California train agency fined $650,000 for deaths
SAN FRANCISCO — Regulators fined the San Francisco Bay Area’s transit agency $650,000 on Thursday for safety failures that led a commuter train to strike and kill two workers inspecting track five years ago during a union strike. The California Public Utilities Commission also placed the Bay Area Rapid Transit agency on three years of probation. The commission said the fine would double if BART commits any safety violations during that period.
BART spokeswoman Alicia Trost said the agency was reviewing the decision, which nearly triples a $220,000 fine ordered by a judge last year. BART and staff members of the commission’s Safety and Enforcement Division both appealed the judge’s order to the five-member commission.

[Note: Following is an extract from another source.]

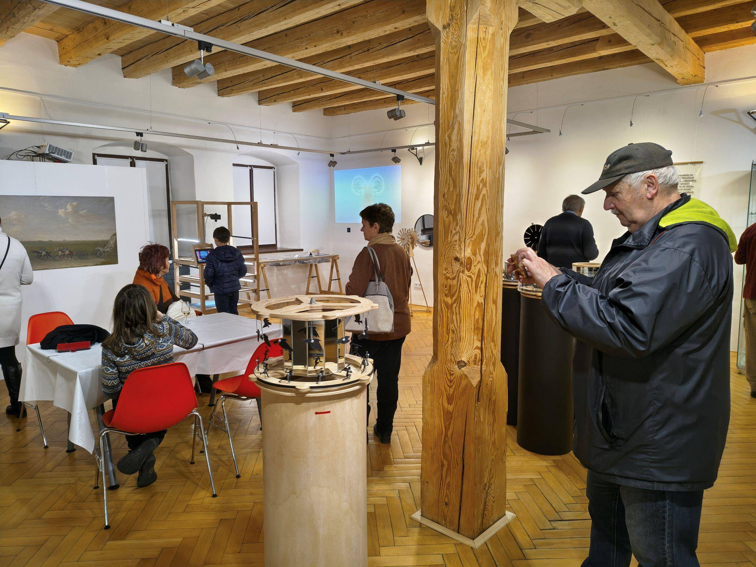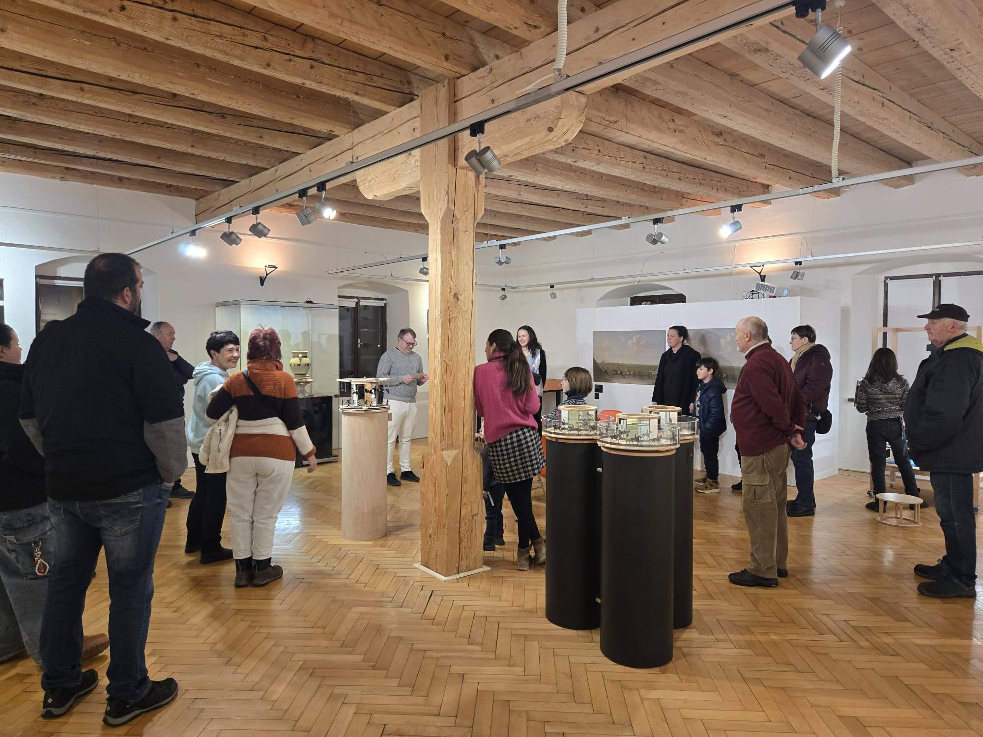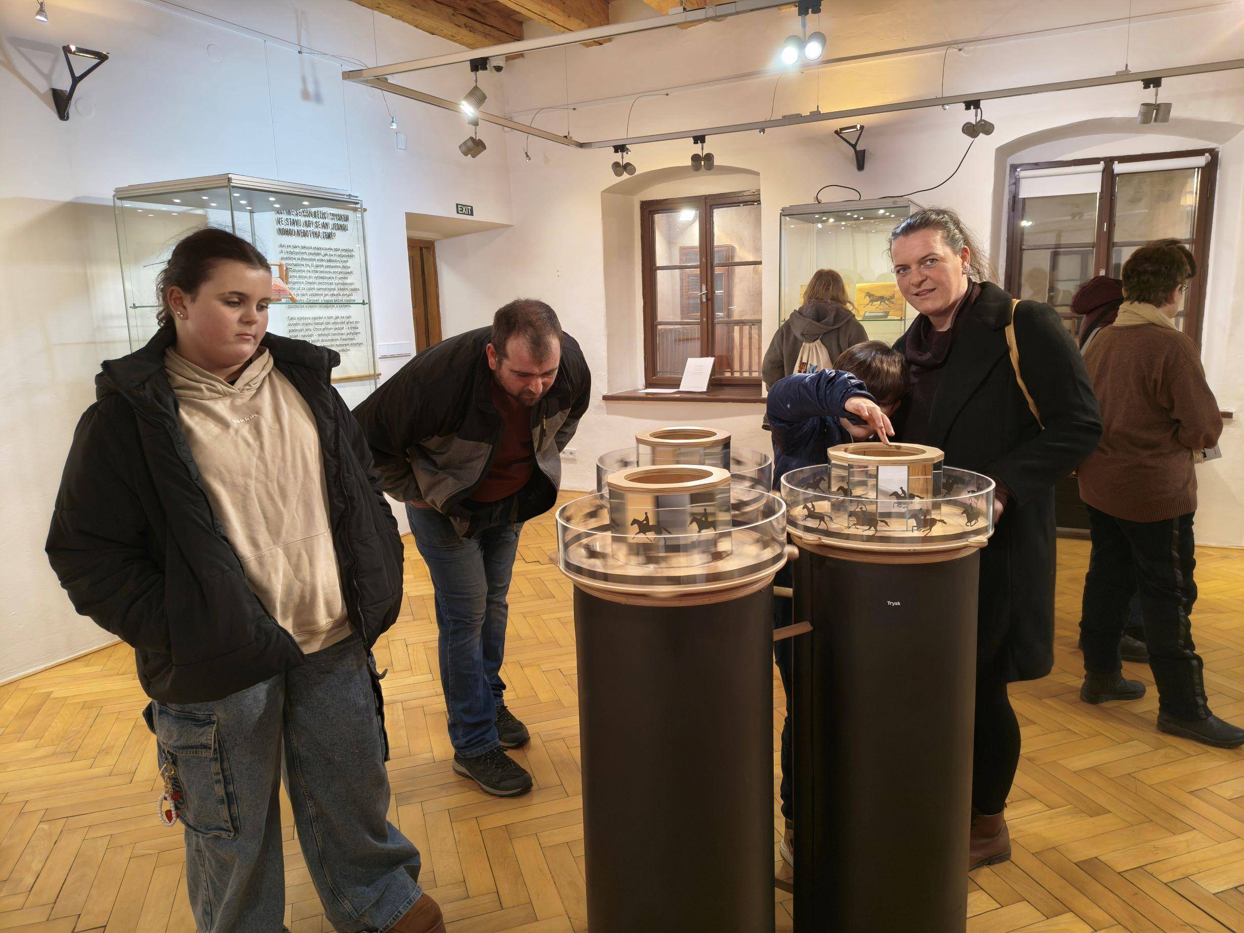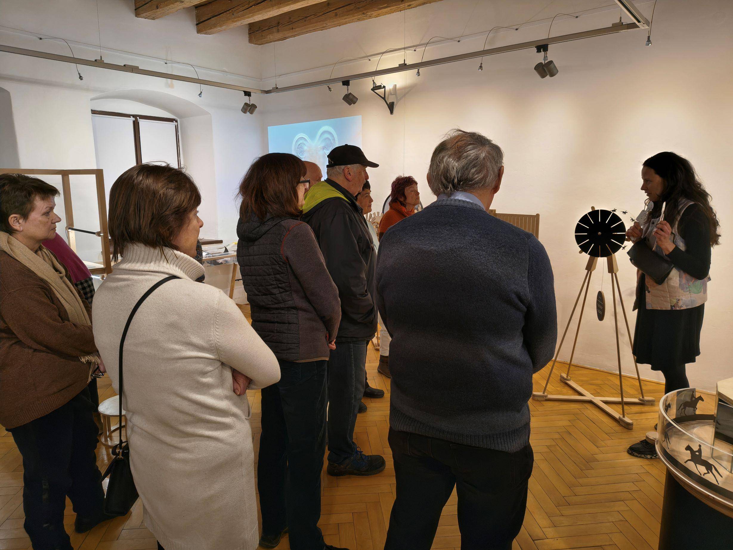 Nová interaktivní výstava pro návštěvníky je otevřena10.02.2026 V úterý 10. února v 18.00 hodin byla ve Vlastivědném muzeu Jesenicka zahájena vernisáž výstavy „Muž, který zastavil čas“. Nová interaktivní výstava pro děti i dospělé o legendární Muybridgeově sérii fotografií běžícího koně hravou formou vysvětluje principy animačních strojů před nástupem filmu. Výstavu zahájil v zastoupení knihovník VMJ Pavel Žurek, který představil autory výstavy, tedy přítomnou Pavlu Šnajdarovou a v nepřítomnosti Ondřeje Mladého, uměleckou dvojici, která tvoří studio OPAK. Paní Šnajdarová představila návštěvníkům výstavu a komentovanou prohlídkou provedla účastníky vernisáže. Popisovala, jak se lidé před sto padesáti lety snažili odpovědět na otázku „zdánlivého pohybu“. Muybridgovo a Stanfordovo snažení navázalo na zájem celé řady jejich současníků, pochopit fenomén „zdánlivého pohybu“ se snažili lékaři i filozofové. Jak to, že rychle se střídající obrazové vjemy někdy splývají v jeden? Jak je možné, že se točící kola občas zdánlivě zastaví? Devatenácté století bylo stoletím fascinace pohybem. Dobou vynálezů, které byly někdy učebními pomůckami, jindy hračkami – a často obojím. Paní Šnajdarová popsala a předvedla, jak stroje ve výstavě fungují. Součástí je samoobslužné animační stanoviště, ve kterém si každý může vytvořit krátkou animaci pomocí stop-motion techniky a poslat si ji na email. K vyzkoušení jsou také další animační stroje, například flipbooky, do kterých si lze nakreslit dvanáctifázovou animaci. | |

Commissioner Liane M. Randolph said regulators increased the fine because the safety failures were “egregious” and BART’s response to the investigation was inadequate.
“BART’s degree of wrongdoing, particularly the safety rule violations discussed above, are most troubling,” Randolph wrote in the decision.
Randolph noted that BART was more than 16 months late in producing its accident report and its “corrective-action plan” was only two pages long and submitted four years after the accident.
Trost said BART has spent $2 million upgrading its safety barrier and plans an additional $4 million in improvements. She said the agency has overhauled its safety policies since the accident.